TASK DESCRIPTION |
Write out only the lines from the line containing "In all the circuit" to the end of the listing below, both included, exactly as they stand. Drop the pictures.

AVAILABLE DATA |
================================

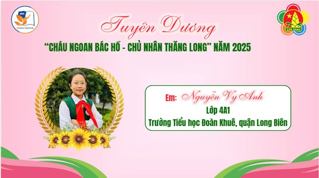 Luôn dẫn đầu về học tập và rèn luyện, em Nguyễn Vy Anh, học sinh lớp 4A1 là một trong những bông hoa nhỏ khoe sắc rực rỡ trong vườn hoa nghìn việc tốt của thiếu nhi Thủ đô kính dâng lên Đảng, Bác Hồ kính yêu trong Đại hội Cháu ngoan Bác Hồ Thành phố Hà Nội lần thứ XV.
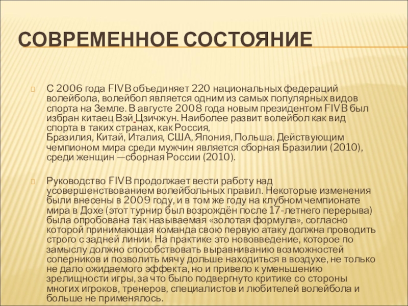 из самых популярных видов спорта на Земле. В августе 2008 года новым президентом FIVB был избран китаец Вэй Цзичжун. Наиболее развит волейбол как вид спорта в таких странах, как Россия, Бразилия, Китай, Италия, США, Япония, Польша. Действующим чемпионом мира среди мужчин является сборная Бразилии (2010), среди женщин —сборная России (2010).
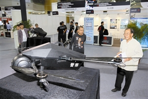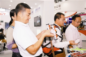 ▲参展观众对小型无人机爱不释手。
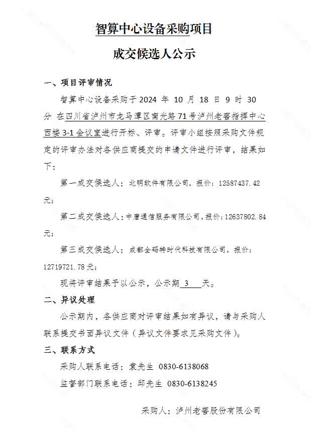 智算中心设备采购项目成交候选人公示
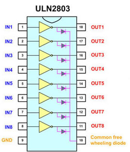 In all the circuit drawings, the red line is the control signal from the computer, while the green line is the current flow from the object (bulb, solenoid, etc.) being turned on/off.
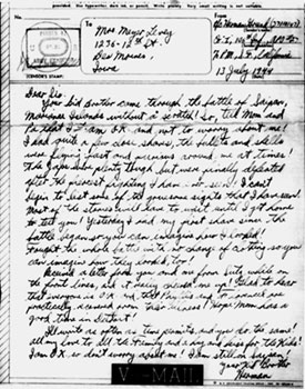 07/31/44: V-Mail letter written to sister, Mrs. Meyer Levey

================================

YOUR RESPONSE |
 In all the circuit drawings, the red line is the control signal from the computer, while the green line is the current flow from the object (bulb, solenoid, etc.) being turned on/off.
 07/31/44: V-Mail letter written to sister, Mrs. Meyer Levey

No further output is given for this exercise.